Hardy begonia varieties are not cut back in autumn, as they usually continue to flower until shortly before the onset of winter. Here a pruning should only be done in early spring before the new growing season. In autumn only withered flowers and dried parts of the plant are removed.
end of winter/beginning of spring
From around February, indoor and outdoor begonias herald the end of winter and slowly return from hibernation to active life. Therefore they should be moved to a place that is warmer and brighter than their winter location. Houseplants enjoy the morning or evening sun on west or east windows. Outdoor begonias in pots or tubs should be exposed to a few hours of afternoon sun from mid-April. After the ice saints, outdoor begonias and tubers can go back into the garden or onto the balcony.
spring cut
At the end of March/beginning of April, plants that have flowered for a long time in the previous year can be cut. If parts of the plant have dried up over the winter months or have a very high level of moisture, they must be cut off. Otherwise, there is a risk of mold forming, especially with outdoor begonias and too much moisture if a lot of rain hits them after they have been put outside.

watering and fertilizing
Once the begonia has arrived at its spring location, the need for water slowly begins to increase. While outside this is usually still covered by rain, the indoor plants now need watering again, because the warmer location means that the soil dries out faster.
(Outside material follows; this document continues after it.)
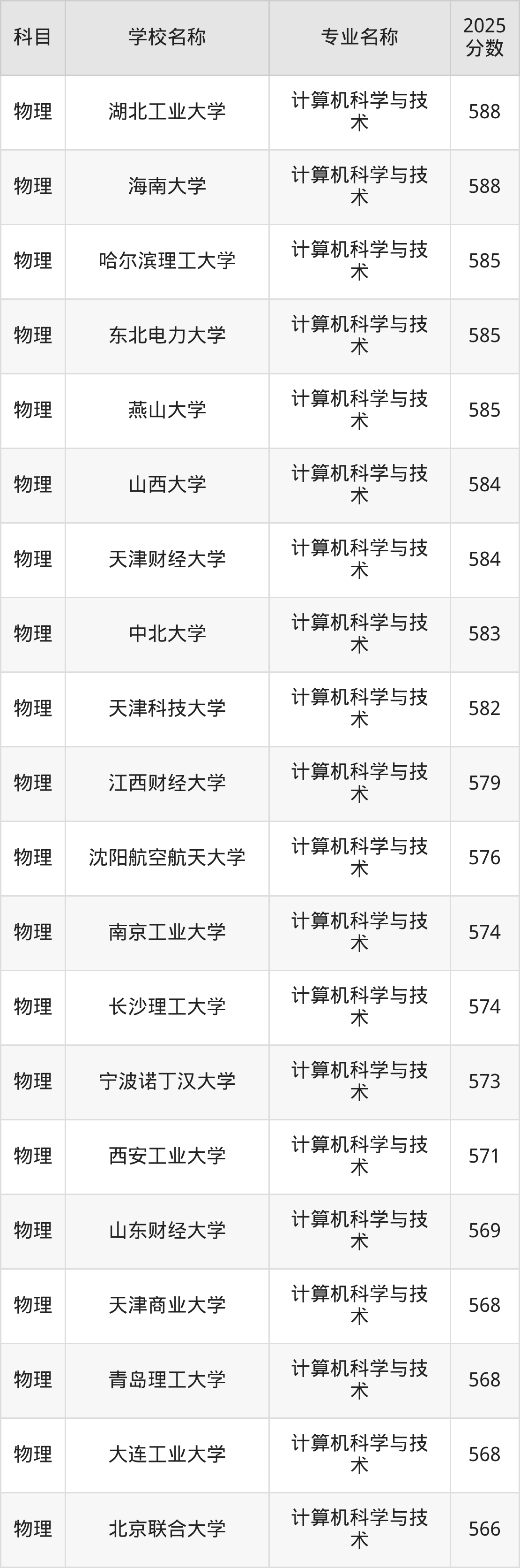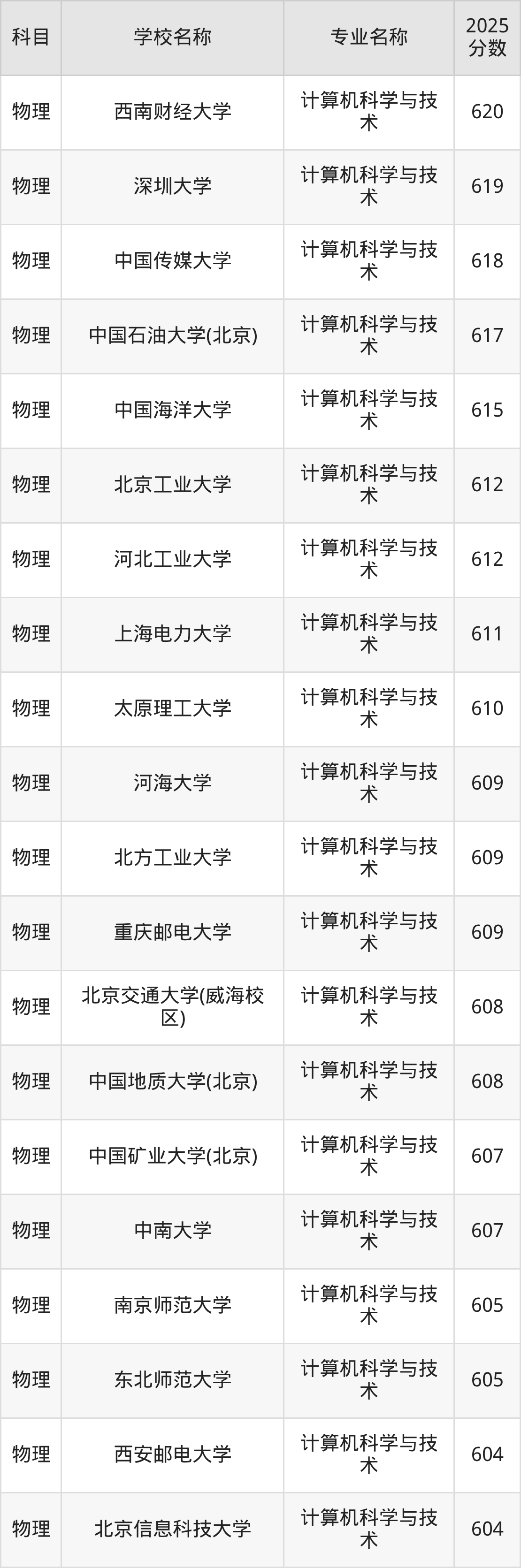 在直接以“计算机科学与技术”的名称招生的内蒙古自治区大学中,内蒙古大学的分数线最高、排名第一名,在物理组的最低分是610分,全自治区排名前4935位的高考生才有较大机会被录取。

All begonia species are fertilized as soon as they have been sprouted and the first green leaves appear on the new shoots. Initially, a pure green plant fertilizer should be used that is rich in nutrients and minerals to promote growth. As soon as the first flower buds can be seen, this can be replaced with bloom fertilizer.
tubers
Late February or early April is the best time to unwrap overwintered begonia tubers or bulbs from the newspaper and plant them in a nutrient-rich substrate. Then they temporarily need a light location, where they are still protected from frost. They, too, are then allowed to go outside after the ice saints.

Conclusion
Since the slate thrives in locations where other plants have little chance of surviving, it is worth bringing them through the winter optimally so that they can refresh unspectacular areas in the garden, on the balcony or in the living room with their colorful flowers the following year.
If you stick to the care points mentioned here before, during and after the winter period, you will be able to hibernate the begonias without any problems. In addition to this, it is also important to regularly check for pests, which the winter increasingly brings with it. No matter how perfect the care can be, if parasites can do their mischief undetected, even the best care is of no use, only a quick reaction to pest control.